Brief
Print every entry again exactly, with no pictures.

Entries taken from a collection
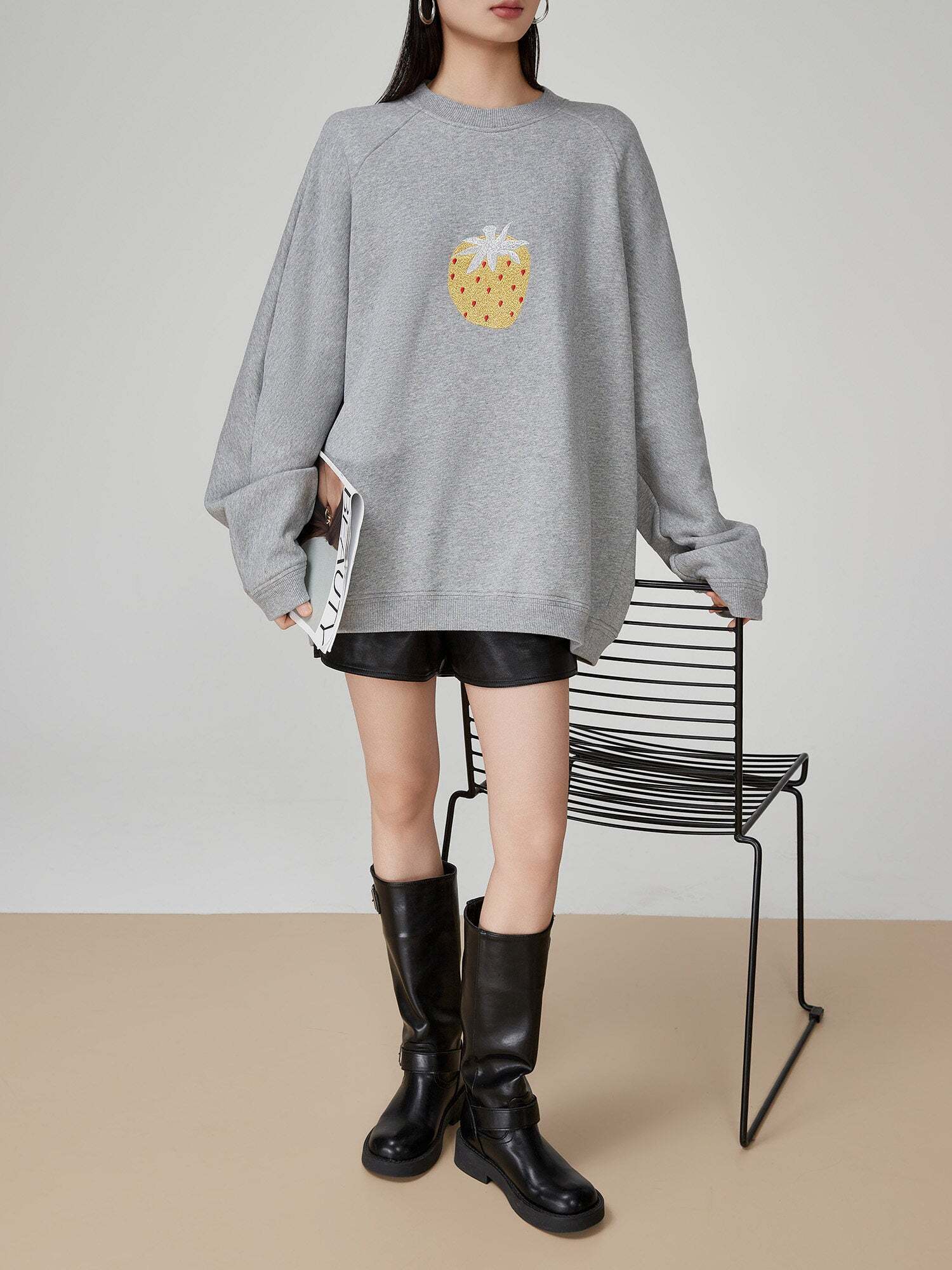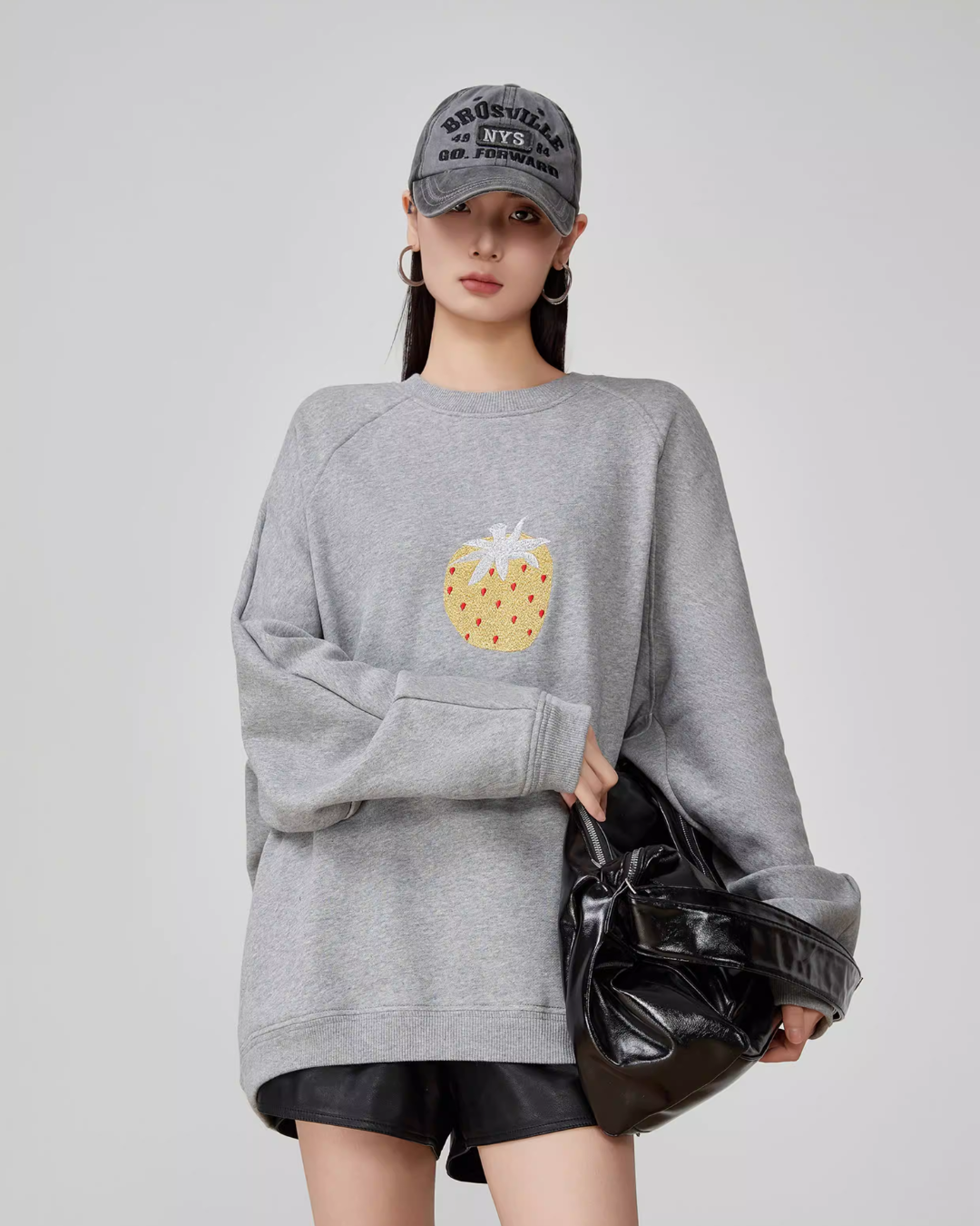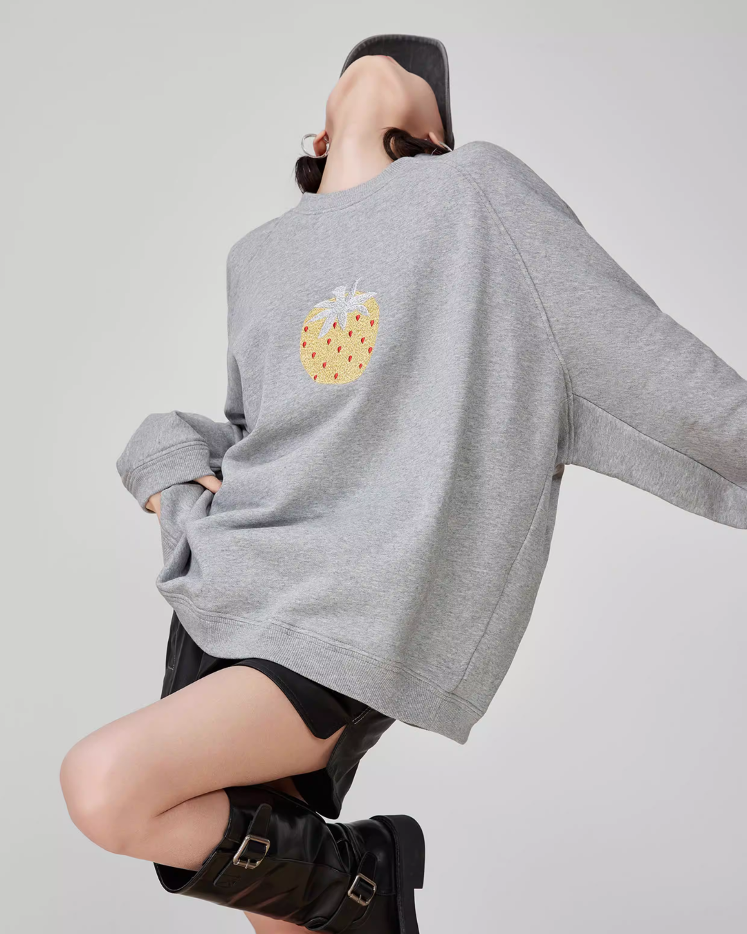 The front strawberry motif becomes the main character of the coordination sweatshirt.
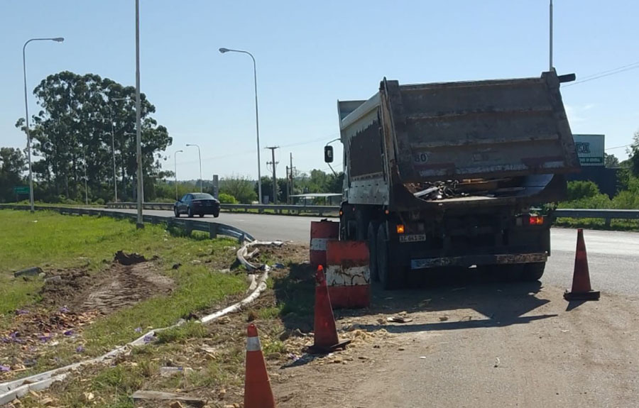 Tareas de reparación en estructura de puente afectada por siniestro reciente.
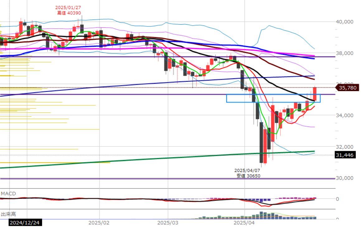 下落から、25本移動平均線(黒)が波打ちしだしたら底値圏の乱高下を想定しましょう。
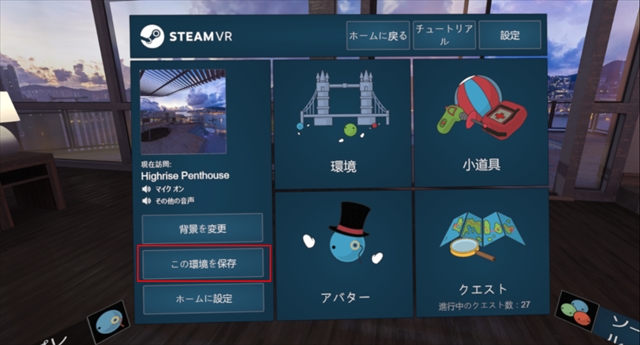 背景やホームなどの環境や設定を変更した場合は、「この環境を保存」を選択します。
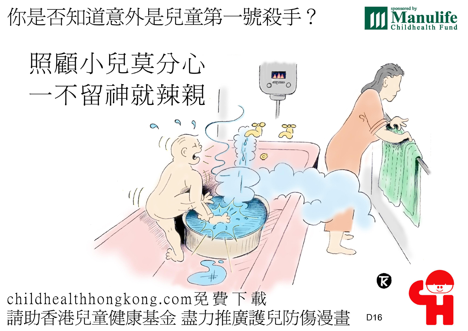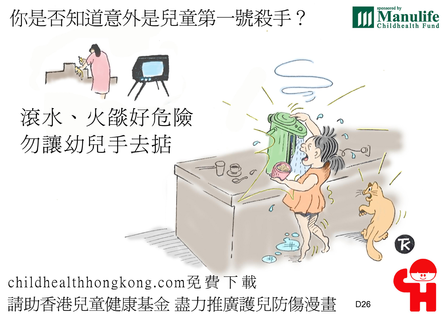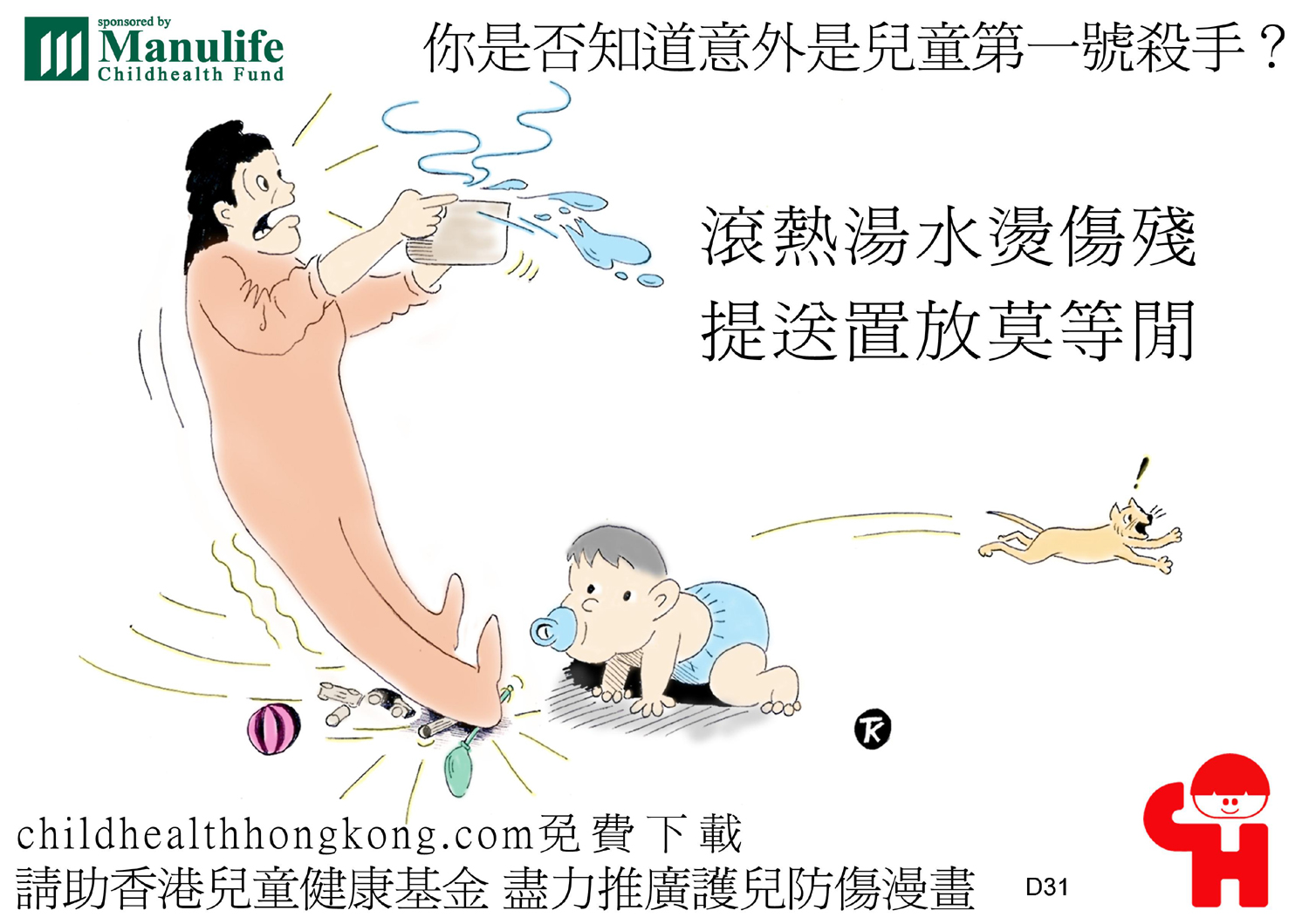 護兒防傷漫畫及宣傳口號 (滾水要放好, 細路拎唔到)
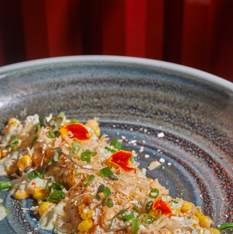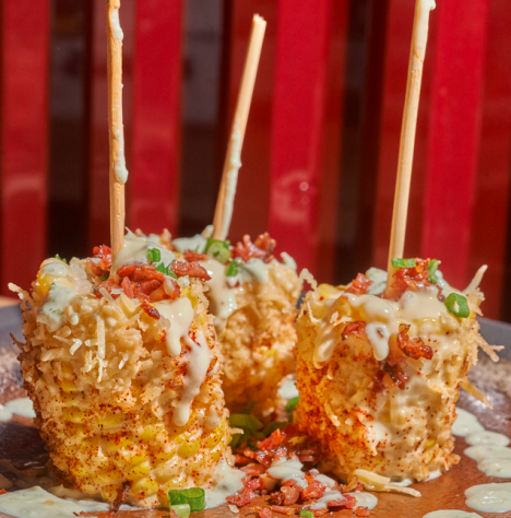 3 Trozos de nuestra mazorca americana bañadas en una mezcla de sour cream, crema de leche, queso parmesano, coronado con tocineta crispy y cebolla puerro.

The completed task
 The front strawberry motif becomes the main character of the coordination sweatshirt.
 Tareas de reparación en estructura de puente afectada por siniestro reciente.
 下落から、25本移動平均線(黒)が波打ちしだしたら底値圏の乱高下を想定しましょう。
 背景やホームなどの環境や設定を変更した場合は、「この環境を保存」を選択します。
 護兒防傷漫畫及宣傳口號 (滾水要放好, 細路拎唔到)
 3 Trozos de nuestra mazorca americana bañadas en una mezcla de sour cream, crema de leche, queso parmesano, coronado con tocineta crispy y cebolla puerro.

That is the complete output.